Once the line holding "2025年11月4日上午,厦" appears, repeat it and each line after it to the end of the data, exactly and with nothing else; pictures stay out.

Segment Start: RECORDS FOR THIS EXERCISE

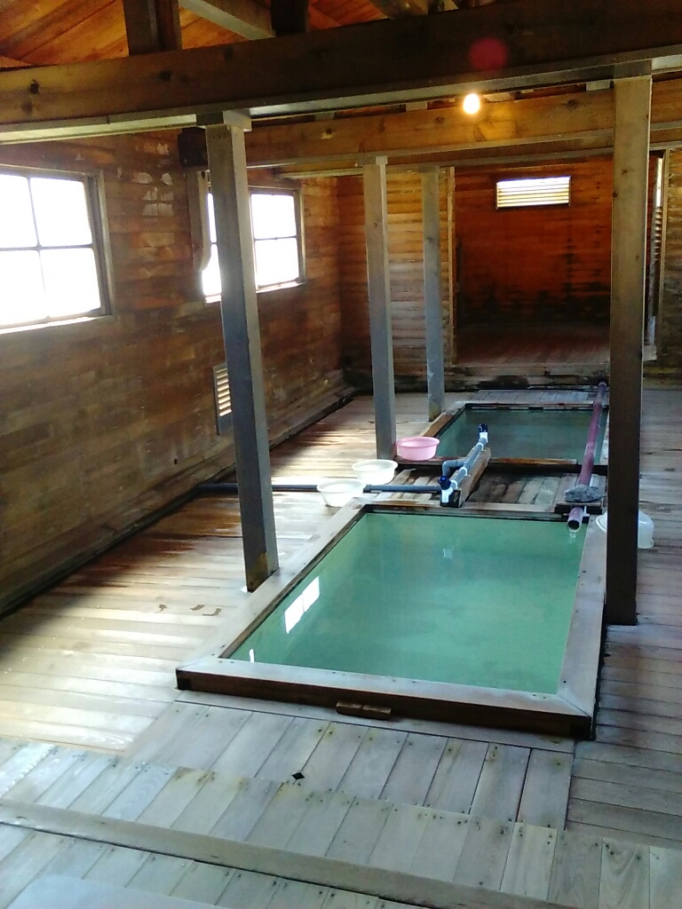 ここで2湯めに移動するのに真っ裸で外へ出るわけにもいかんので、メンドーだがひとまず服を来て下界へ。
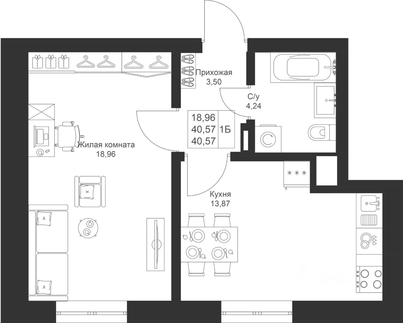 Площадь комнаты позволяет зонировать ее на спальную и гостевую зоны. В проекте функциональная прихожая, чтобы вам было удобно хранить свои вещи.
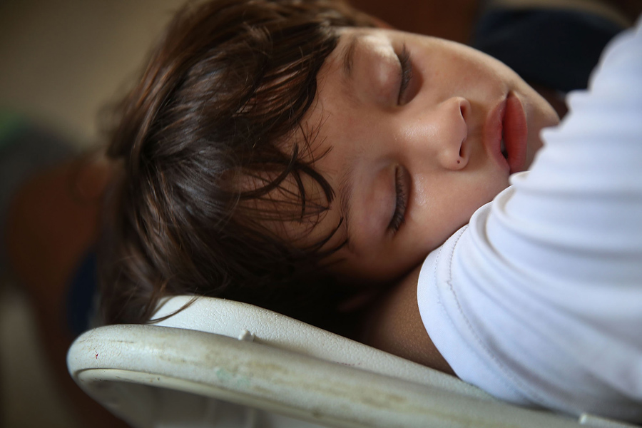 Read moreMikael Santiago, 2, is held as he waits for a First Medical Relief team member to examine him at the Torres de Francia complex, as they deal with the aftermath of Hurricane Maria, on October 1, 2017, in San Juan, Puerto Rico. Members of the First Medical Relief team visited the complex that only has electricity and water for one hour a day to help those who have health-care needs. #
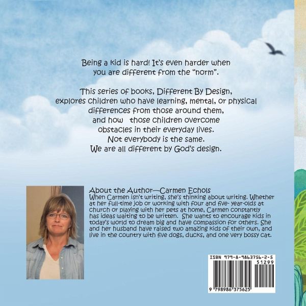 Being a kid is hard! It's even harder whenyou are different from the "norm".This series of books, Different By Design,explores children who have learning, mental, or physical differences from those around them,and how those children overcomeobstacles in their everyday lives.Not everybody is the same. We are all different by God's design.
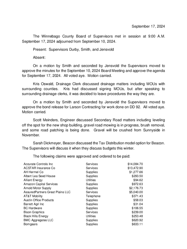 September 17, 2024 The Winnebago County Board of Supervisors met in session at 9:00 A.M. September 17, 2024 adjourned from September 10, 2024. Present: Supervisors Durby, Smith, and Jensvold Absent: On a motion by Smith and seconded by Jensvold the Supervisors moved to approve the minutes for the September 10, 2024 Board Meeting and approve the agenda for September 17, 2024. All voted aye. Motion carried. Kris Oswald, Drainage Clerk discussed drainage matters including MOUs with surrounding...
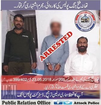 تھانہ فتح جنگ کی ٹیم کی اشتہاری مجرمان کے خلاف کامیاب کاروائی۔
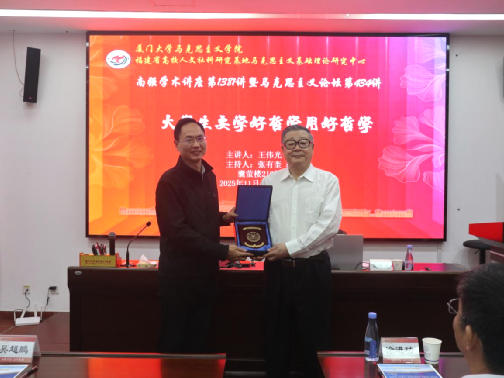 2025年11月4日上午,厦门大学南强学术讲座第1381讲暨马克思主义论坛第434讲在囊萤楼216会议室举行。第十三届全国政协常委、民族和宗教委员会主任,中国辩证唯物主义研究会会长,中国社会科学院原党组书记、院长王伟光教授以“大学生要学好哲学用好哲学”为题,为我校师生带来一场兼具思想高度和理论深度的学术讲座。厦门大学副校长吴超鹏教授为王伟光教授颁授“南强学术讲座”纪念牌。厦门大学马克思主义学院常务副院长张有奎教授主持授牌仪式和讲座,学院院长徐进功教授、副院长刘皓琰教授及部分师生莅会学习。
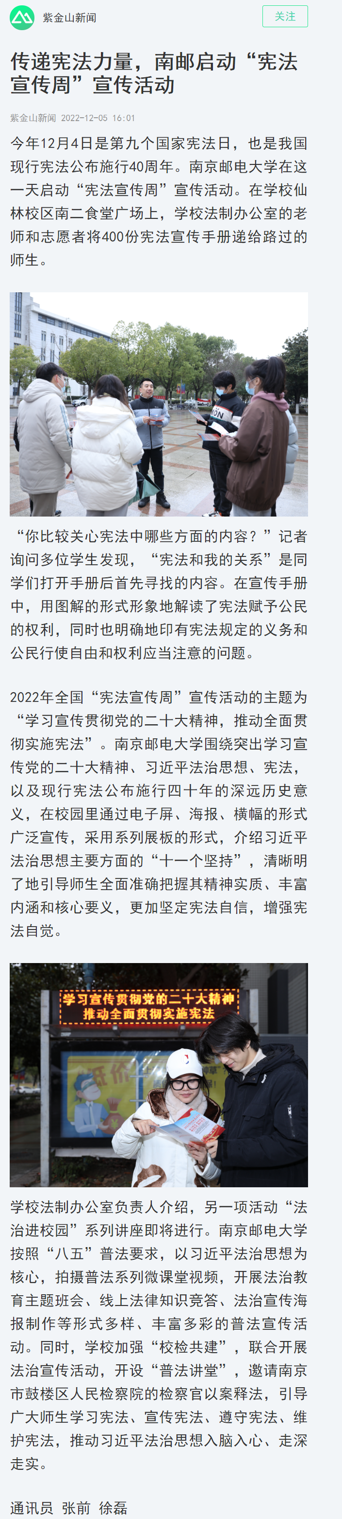 | 【南京日報客戶端】傳遞憲法力量,南郵啟動“憲法宣傳周”宣傳活動 |

Segment End: RECORDS FOR THIS EXERCISE

EXERCISE RESPONSE >>
 2025年11月4日上午,厦门大学南强学术讲座第1381讲暨马克思主义论坛第434讲在囊萤楼216会议室举行。第十三届全国政协常委、民族和宗教委员会主任,中国辩证唯物主义研究会会长,中国社会科学院原党组书记、院长王伟光教授以“大学生要学好哲学用好哲学”为题,为我校师生带来一场兼具思想高度和理论深度的学术讲座。厦门大学副校长吴超鹏教授为王伟光教授颁授“南强学术讲座”纪念牌。厦门大学马克思主义学院常务副院长张有奎教授主持授牌仪式和讲座,学院院长徐进功教授、副院长刘皓琰教授及部分师生莅会学习。
 | 【南京日報客戶端】傳遞憲法力量,南郵啟動“憲法宣傳周”宣傳活動 |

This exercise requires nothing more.